● **TASK OBJECTIVE**: Leave out the pictures and output exactly the lines below from the one with "10分钟以后,在案板上面撒上面粉, 取出面团 ,搓揉成长条。" down to the one with "调研ACCA工作。经管学院院", both of them included.

● **DATA SUPPLIED**:
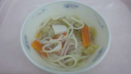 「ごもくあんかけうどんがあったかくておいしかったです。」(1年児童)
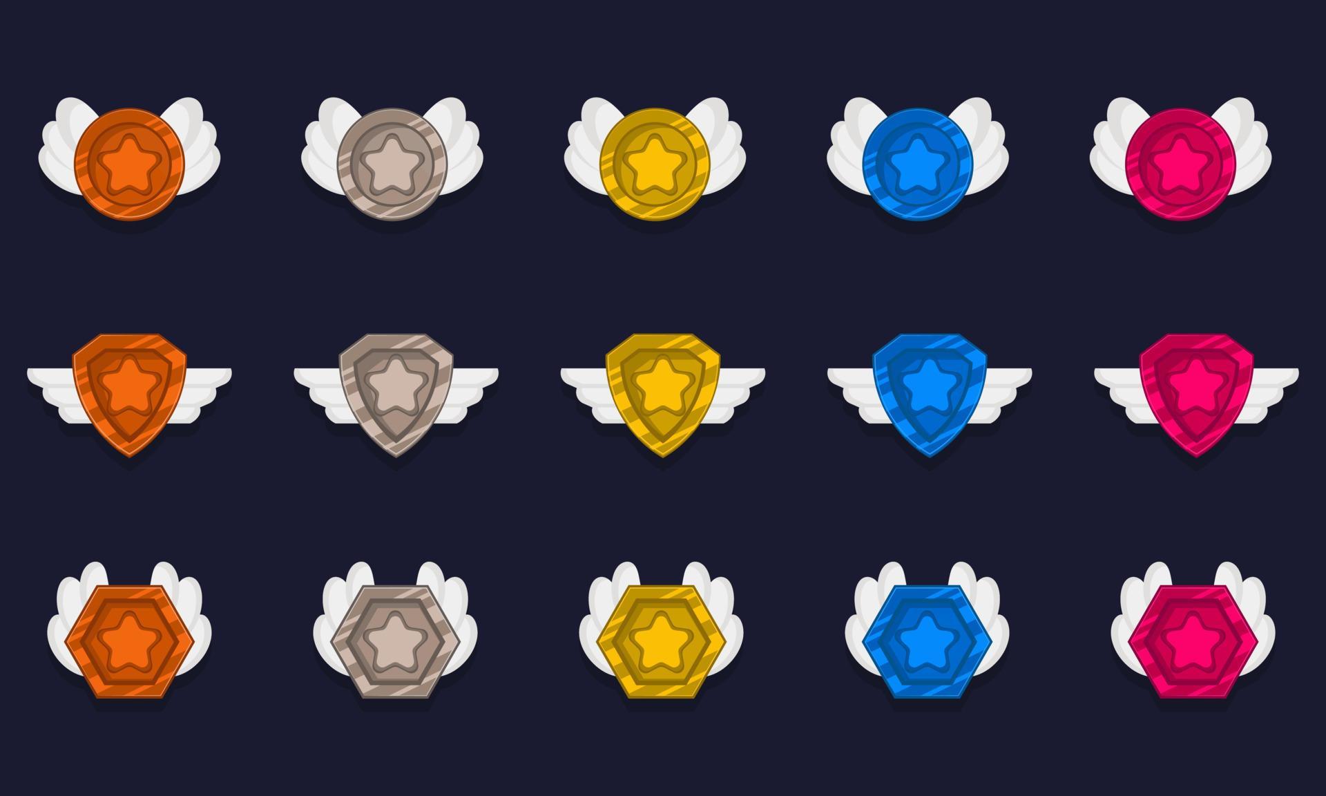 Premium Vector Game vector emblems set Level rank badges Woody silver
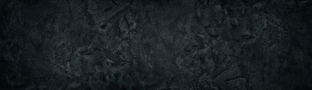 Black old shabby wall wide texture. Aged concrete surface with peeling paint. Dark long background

--

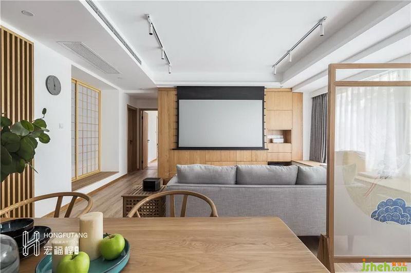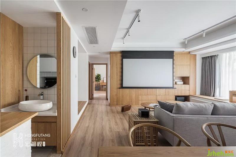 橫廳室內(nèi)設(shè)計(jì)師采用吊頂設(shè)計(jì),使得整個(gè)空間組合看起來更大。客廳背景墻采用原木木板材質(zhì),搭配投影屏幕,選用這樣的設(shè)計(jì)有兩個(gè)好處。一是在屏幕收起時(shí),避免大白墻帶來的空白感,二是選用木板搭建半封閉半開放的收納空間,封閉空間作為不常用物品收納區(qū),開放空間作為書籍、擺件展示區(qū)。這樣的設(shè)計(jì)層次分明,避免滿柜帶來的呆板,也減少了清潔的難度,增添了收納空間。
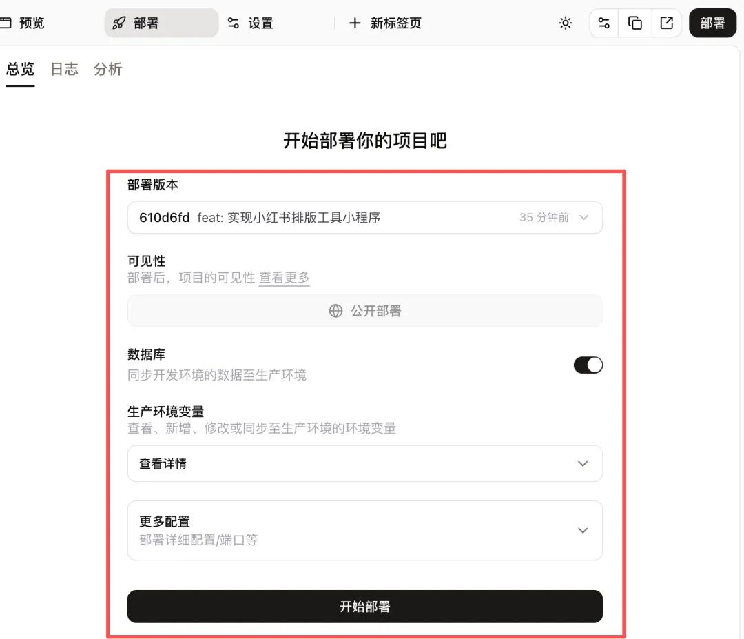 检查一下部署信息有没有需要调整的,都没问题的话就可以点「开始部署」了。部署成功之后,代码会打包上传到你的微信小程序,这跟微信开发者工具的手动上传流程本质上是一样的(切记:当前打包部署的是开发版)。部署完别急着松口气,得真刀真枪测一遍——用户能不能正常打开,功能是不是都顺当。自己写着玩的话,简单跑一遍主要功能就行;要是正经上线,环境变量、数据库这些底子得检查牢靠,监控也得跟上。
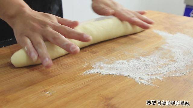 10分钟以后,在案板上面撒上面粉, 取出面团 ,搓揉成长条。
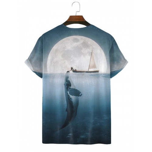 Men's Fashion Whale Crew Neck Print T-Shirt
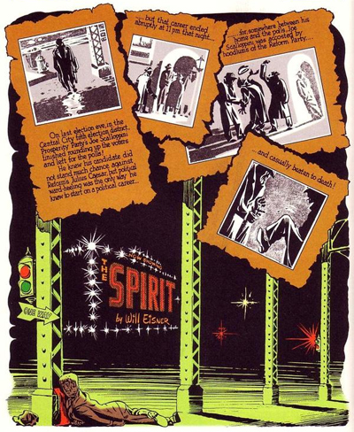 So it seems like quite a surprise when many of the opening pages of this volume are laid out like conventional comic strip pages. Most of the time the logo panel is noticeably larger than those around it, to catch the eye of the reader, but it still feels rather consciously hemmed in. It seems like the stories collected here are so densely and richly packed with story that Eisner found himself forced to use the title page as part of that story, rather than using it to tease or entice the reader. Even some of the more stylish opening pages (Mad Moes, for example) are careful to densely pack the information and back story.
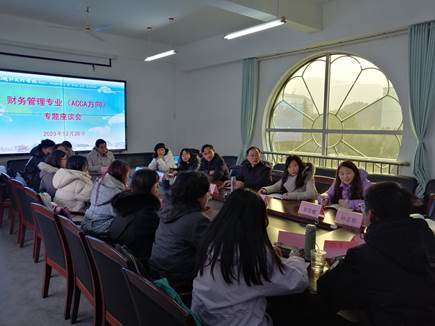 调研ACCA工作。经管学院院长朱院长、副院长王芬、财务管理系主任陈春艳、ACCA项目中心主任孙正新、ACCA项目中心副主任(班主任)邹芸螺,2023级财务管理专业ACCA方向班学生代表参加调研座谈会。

● **OUTPUT BELOW**:
 10分钟以后,在案板上面撒上面粉, 取出面团 ,搓揉成长条。
 Men's Fashion Whale Crew Neck Print T-Shirt
 So it seems like quite a surprise when many of the opening pages of this volume are laid out like conventional comic strip pages. Most of the time the logo panel is noticeably larger than those around it, to catch the eye of the reader, but it still feels rather consciously hemmed in. It seems like the stories collected here are so densely and richly packed with story that Eisner found himself forced to use the title page as part of that story, rather than using it to tease or entice the reader. Even some of the more stylish opening pages (Mad Moes, for example) are careful to densely pack the information and back story.
 调研ACCA工作。经管学院院长朱院长、副院长王芬、财务管理系主任陈春艳、ACCA项目中心主任孙正新、ACCA项目中心副主任(班主任)邹芸螺,2023级财务管理专业ACCA方向班学生代表参加调研座谈会。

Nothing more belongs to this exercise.